EXERCISE DATA:

* * * * * * *

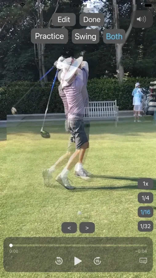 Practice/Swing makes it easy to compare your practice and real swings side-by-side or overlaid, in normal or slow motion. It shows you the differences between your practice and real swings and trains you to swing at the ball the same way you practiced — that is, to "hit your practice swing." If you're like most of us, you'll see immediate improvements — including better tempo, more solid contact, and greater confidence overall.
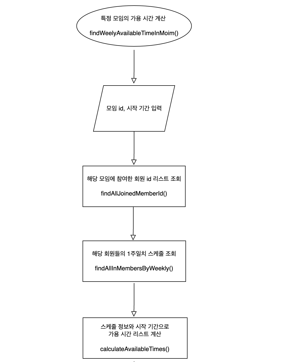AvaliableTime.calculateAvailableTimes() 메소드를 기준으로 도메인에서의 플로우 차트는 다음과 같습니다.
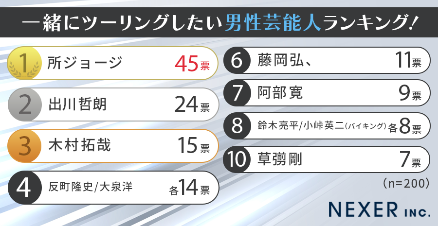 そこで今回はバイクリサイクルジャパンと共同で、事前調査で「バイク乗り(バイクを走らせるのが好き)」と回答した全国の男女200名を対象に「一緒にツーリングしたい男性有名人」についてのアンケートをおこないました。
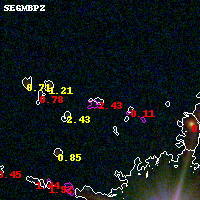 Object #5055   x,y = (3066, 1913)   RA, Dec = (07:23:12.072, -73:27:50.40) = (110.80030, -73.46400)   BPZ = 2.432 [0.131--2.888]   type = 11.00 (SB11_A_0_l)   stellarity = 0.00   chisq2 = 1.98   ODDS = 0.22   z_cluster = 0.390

* * * * * * *

Write the lines above out again exactly, without any of their pictures.

EXERCISE RESPONSE:
 Practice/Swing makes it easy to compare your practice and real swings side-by-side or overlaid, in normal or slow motion. It shows you the differences between your practice and real swings and trains you to swing at the ball the same way you practiced — that is, to "hit your practice swing." If you're like most of us, you'll see immediate improvements — including better tempo, more solid contact, and greater confidence overall.
AvaliableTime.calculateAvailableTimes() 메소드를 기준으로 도메인에서의 플로우 차트는 다음과 같습니다.
 そこで今回はバイクリサイクルジャパンと共同で、事前調査で「バイク乗り(バイクを走らせるのが好き)」と回答した全国の男女200名を対象に「一緒にツーリングしたい男性有名人」についてのアンケートをおこないました。
 Object #5055   x,y = (3066, 1913)   RA, Dec = (07:23:12.072, -73:27:50.40) = (110.80030, -73.46400)   BPZ = 2.432 [0.131--2.888]   type = 11.00 (SB11_A_0_l)   stellarity = 0.00   chisq2 = 1.98   ODDS = 0.22   z_cluster = 0.390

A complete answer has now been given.